The questionnaire was developed through engagement with experts in pesticides use and farming in Northern Ireland with the aim of developing a broad understanding of the farming community’s opinions of pesticide regulations, mobile phones and decision support tools. This understanding allowed for the development of a long-list of potential questions. A prototype questionnaire was developed that was suitable for use and this was tested in face-to-face conversations with AFBI colleagues. Following a number of iterations of the questionnaire, a small number of farmers known to AFBI were approached and asked to first complete the questionnaire and then comment on all aspects of the experience. Of particular concern was whether the respondents felt the questions were understandable, phrased in a balanced manner and permitted them to share their opinions fully. Reviews received were very positive and changes made to the questionnaire were minor. A copy of the questionnaire used can be found in Appendix A of the »full report.
A combination of approaches were used to gain access to interviewees in the farming community. Interviewers attending marts (livestock markets) were given a brief outline of the project and the purpose of the questionnaire to help to recruit participants. Interviewers were not given selection criteria to use in their identification of participants as it was expected that the majority of attendees at a livestock market would be farmers and those that were not would be expected to be eliminated during the introductory conversation. Interviewers also attended National Register of Sprayer Operator (NROSO) roadshows organised by the College of Agriculture, Food and Rural Enterprise (CAFRE), which is the main agricultural education and training provider in Northern Ireland. Younger members of the farming community were approached through the Ulster Wildlife co-ordinated “Grassroots Challenge” which was run in association with the Young Farmers’ Clubs of Ulster.

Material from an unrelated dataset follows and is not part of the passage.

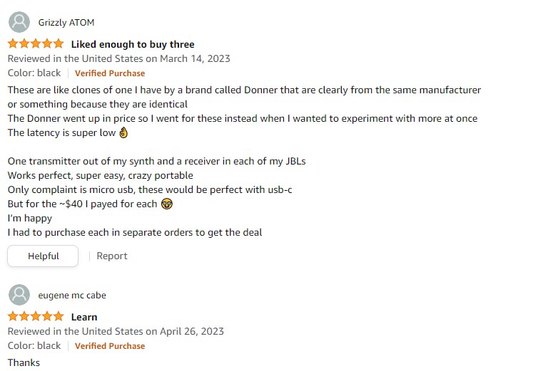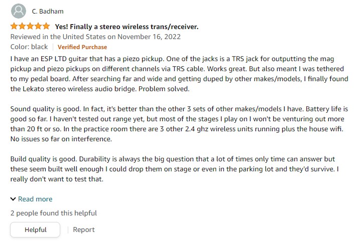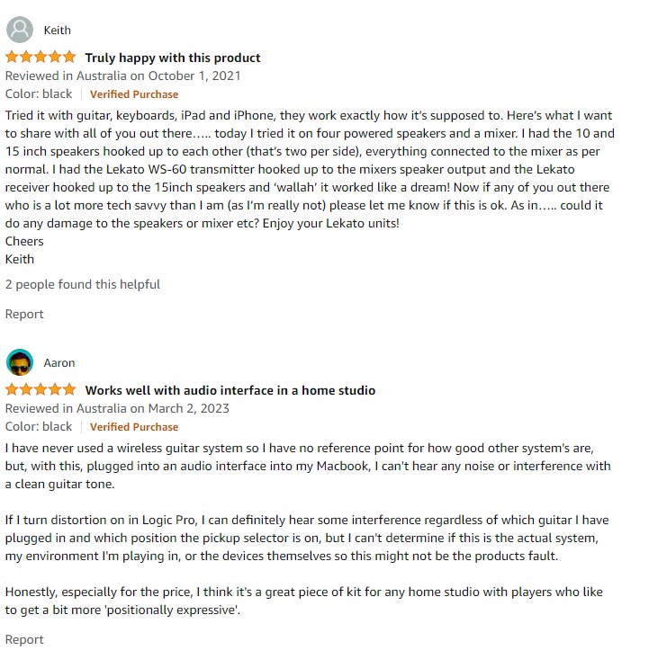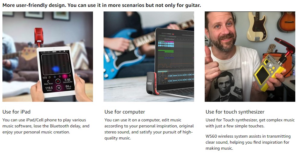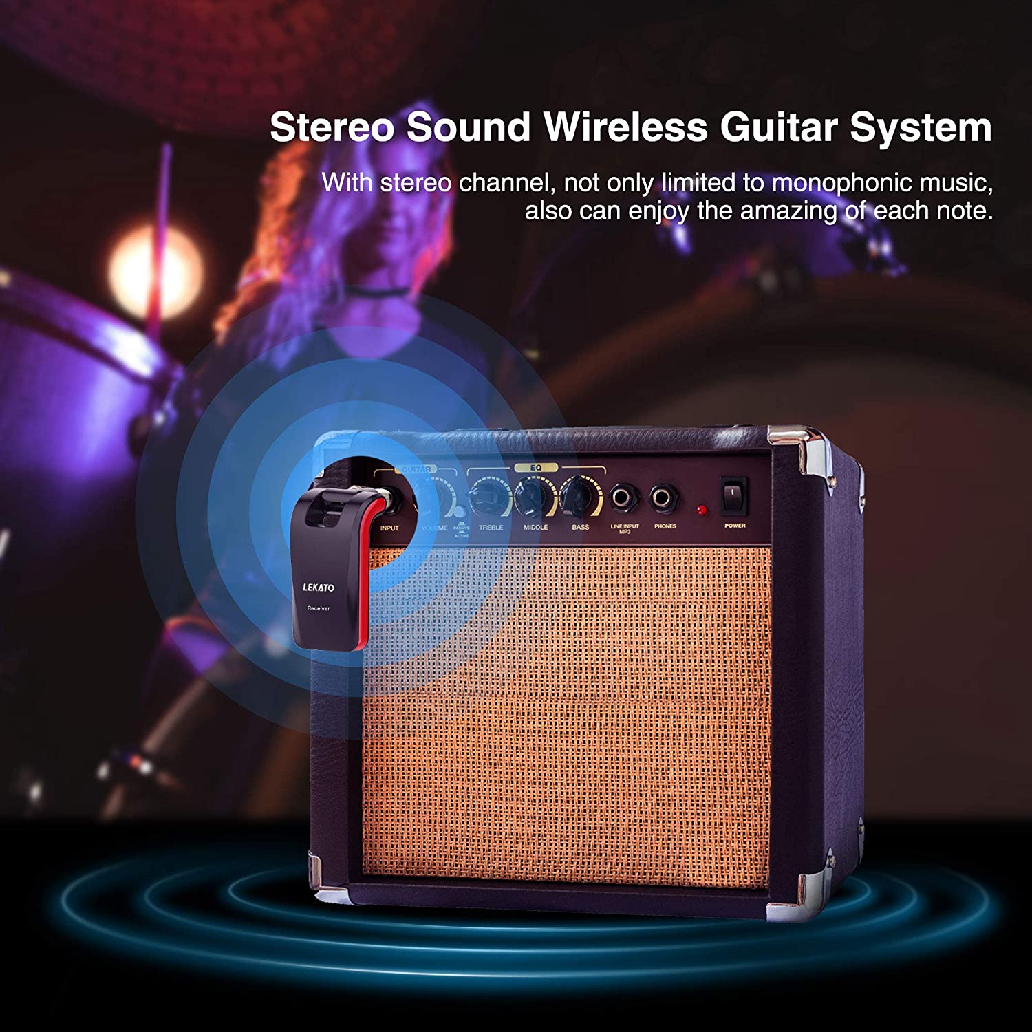 Features: 1. Clear Signal Transmission : Wireless guitar system, 24bit / 48KHz stereo lossless digital transmission sampling rate, <12 ms latency, more than 100 feet effective range, 2.4GHz signal transmission, low latency no signal loss, low noise, professional sound quality. 2. Widespread Use Wireless System: This wireless guitar transmitter and receiver include both 1/8 inch stereo plugs, 1/4 inch stereo plugs, and 1/4 mono plugs in 1 set to support both mono and stereo musical instruments. 6.35mm (1/4 inch)mono plugs for most acoustic-electric guitar, 6.35mm (1/4 inch)and 3.5mm (1/8 inch) stereo plugs for most Audio products such as the camera recording, phones and tablets to edit music. 3. Stereo Sound:Wireless guitar system supports stereo musical passive pickup instruments. Dual channel surround sound, suitable for electronic drum, passive pickup guitar, bass, and other electric acoustic musical instrument, so that music has a sense of hierarchy, sense of space. 4. Plug and Play & Rechargeable : Long press the signal key to match transmitter and receiver at the same time, no other operation is required. 5. Equipped with a rechargeable lithium battery, which supports quick charging for 1.5 hours and can play for up to 5 hours. with double end USB cable package. 6. Six Channel Use Simultaneously : Transmitter and receiver support 6 sets of device work at the same circumstances, one-to-one and no-interference. One transmitter transmit signal to several to several receivers at the same time. 280° Rotating head designed for most musical instruments.

4. Market research results
In total 83 farmers from Northern Ireland were interviewed. These individuals ranged from “Under 20” to “80+” with 26% of respondents in the 40 – 60 age band, and representing a diverse range of farm types (Figure 1. Note respondents were permitted to include themselves in more than one farm type (e.g. arable and suckler)). Whilst 77 respondents stated that they owned a smart phone, only 2 currently used any app to assist them in planning their pesticide usage or container disposal, but 43 individuals did say that they were prepared to consider using a mobile app in future. Of the individuals who were not interested in a mobile app three indicated that they lived in an area where mobile reception was too poor, four felt that the training they had already received was sufficient and six preferred to receive training/information via a different medium.
In order to increase the appeal of the app to users it was important to determine the pesticide application methods used as this would strongly influence the information content of the final app. Whilst the vast majority of respondents used boom sprayers (Figure 2), there were also a number of individuals who used knapsacks and/or weed wipers. The extent to which farmers felt that they were aware of current best practice when planning for disposal of empty pesticide containers was also gauged as this would also influence the presentation of information in the app. 82% of respondents felt that they were at least “somewhat familiar” with the correct protocols.
Those respondents who were interested in a mobile app were offered a list of features that could be included and were asked to identify those that they would find useful (Figure 3). In the grassland sector of Northern Ireland farmers frequently select the most appropriate herbicides based on their own understanding of the active ingredients in individual products and so it is perhaps not surprising that further information on this matter was the most popular option (81% of respondents), followed by tips on best practice related to the application of the pesticides (the correct concentrations of pesticide to use (61%), correct ground conditions when spraying (63%), correct weather conditions (61%) and the correct buffer layout (65%)). There was less interest in aspects of pesticide usage that did not have such obvious financial implications (safe use of PPE and correct wash-down procedures both interested 42% of respondents). Respondents were also allowed to add their own suggestions and seven respondents requested that the app include record keeping functionality whilst another asked for more information on pesticide usage that arable farmers would tend to gain from their agronomist.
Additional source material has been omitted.